残阳染血,大胤王朝的宫墙之下,箭雨穿透了齐旻的胸膛。他戴着那副陪伴半生的青铜面具,视线艰难地锁定在不远处的俞浅浅身上,眼底的偏执与狠戾尽数散去,只剩下化不开的温柔与不舍。

浅浅,若有来生……我不做皇子,我只做你一个人的齐旻。
微弱的声音消散在风中,面具滚落,露出那张曾被苦难损毁、却在看向她时满是柔情的脸,身躯轰然倒地。俞浅浅僵在原地,前世今生的画面在脑海中疯狂交织,她是从现代穿越而来的俞浅浅,本是意外落入这封建乱世,遇上了这个偏执疯批、却把唯一的温柔都给了她的男人。
他是东宫遗孤,自幼隐忍复仇,半生都在黑暗中挣扎,而她,是他黑暗里唯一的光。他曾囚她、缚她,用最笨拙的方式爱着她,可到最后,他为了护她,为了兑现给她安稳的承诺,战死在了这乱世沙场。
心口像是被生生剜去一块,剧痛袭来,俞浅浅眼前一黑,周遭的厮杀声、血腥味瞬间抽离,再睁眼时,刺眼的白光、熟悉的电脑屏幕、堆满文件的办公桌,将她狠狠拉回了现实。
她回来了,回到了自己原本的世界,那个没有权谋厮杀,没有青铜面具,也没有齐旻的现代社会。
再次成为现代社畜俞浅浅,日子过得机械又麻木。朝九晚五,挤地铁,改方案,应对甲方的无理要求,加班到深夜是常态。她褪去了在大胤王朝经营酒楼时的干练锋芒,也没了那时为了自由拼死抗争的勇气,只是芸芸众生里一个普通的打工人,穿着通勤装,踩着平底鞋,淹没在城市的人海中。
身边的朋友都说她变了,变得沉默寡言,总是对着窗外发呆,眼里藏着化不开的忧伤。只有俞浅浅自己知道,她的心,留在了那个有齐旻的乱世。

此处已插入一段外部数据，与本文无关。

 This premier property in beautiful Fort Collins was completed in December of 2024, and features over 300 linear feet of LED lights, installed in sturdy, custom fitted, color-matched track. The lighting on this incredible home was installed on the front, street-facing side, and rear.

无数个深夜,她从梦中惊醒,梦里全是他戴着面具的模样,是他冷着脸却默默给她送暖炉的温柔,是他临死前那句饱含遗憾的告白。她试过忘记,试过全身心投入工作,可越是忙碌,那份思念就越是汹涌。她习惯了在泡咖啡时多冲一杯,习惯了在下雨时下意识回头,仿佛身后还会有那个身形挺拔的男人,默默为她撑伞。

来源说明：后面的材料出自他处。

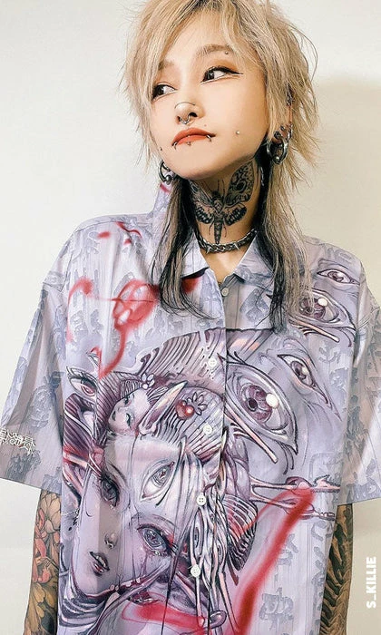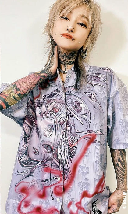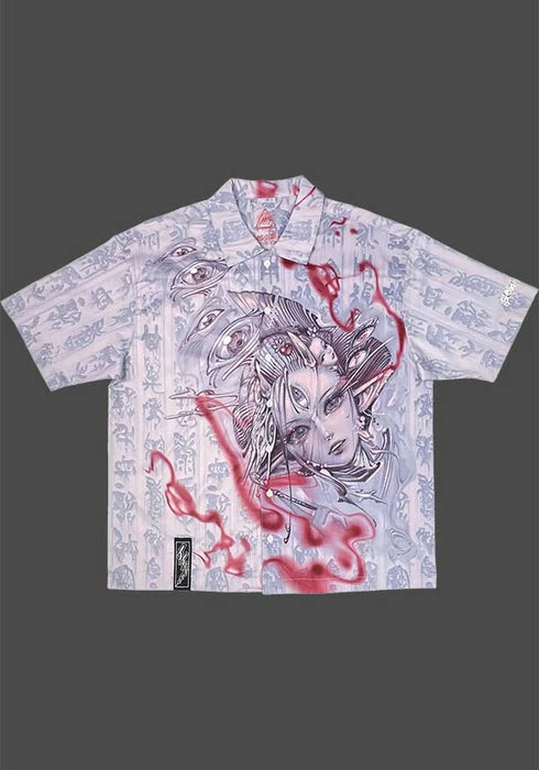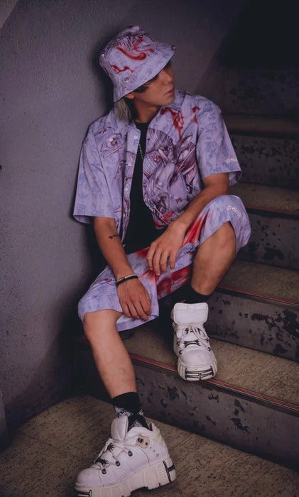 This Nakakubi Button Down Shirt is the haunting addition to our wardrobe that we have all been waiting for. Pair with the matching Namakubi Shorts and bucket hat to complete the look.
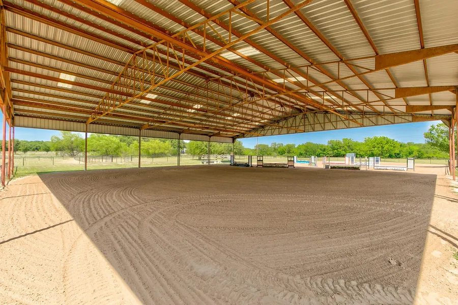 Located in the highly sought after Parker County, this turn-key equine facility is an ideal fit for the avid horse lover or full-time horse trainer. A beautiful gated entry welcomes you to this meticulously maintained training facility & residence. Countless world champion show horses have been trained from this facility. The exceptional facility design provides functionality and convenience at the highest level. The 100x200 arena, partially covered, is perfect for all-weather enjoyment. The 15 stall barn is all-encompassing for your needs with an oversized tack room is finished out with cabinets and full washer and dryer hook up. Crossties and a separate wash rack allow this facility to check all boxes. There are 2 other storage rooms available for additional tack or storage. Covered hay storage on the rear of the barn for convenience. The large circle driveway allows for even semi-truc...
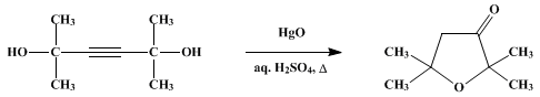 To the solution formed by dissolving 3 g. of mercuric oxide and 10 ml. of concentrated sulfuric acid (Note 1) in 1 l. of water is added 250 g. (1.76 moles) of 2,5-dimethyl-3-hexyne-2,5-diol (Note 2). The mixture is warmed with gentle swirling to dissolve the diol. At 80–90° the clear solution suddenly turns cloudy and the flask is immersed in a bath of water at about 20°. A colorless oil rises to the surface within a few minutes (Note 3).

她常常想,若是当初没有穿越,若是当初她能早点看懂他的深情,若是他没有死,他们会不会有不一样的结局。可世间从无如果,齐旻死了,永远留在了那个遥远的朝代,而她,终究只是个过客,回到了属于自己的轨道,日复一日,过着没有他的平淡日子,将那份刻骨铭心的爱,藏在心底最深处。
这天,俞浅浅加班到凌晨,拖着疲惫的身躯走出写字楼,晚风微凉,街道上行人寥寥。路过街角的小巷时,一阵微弱的闷哼声传入耳中。
她本不想多管闲事,可那声音,莫名让她心头一颤。犹豫片刻,她还是举着手机走了进去,昏暗的灯光下,一个男人蜷缩在墙角,身着早已不合时宜的古装长袍,长发束起,面容清俊却带着几分苍白,周身满是茫然与无措,周身还带着未散的清冷贵气。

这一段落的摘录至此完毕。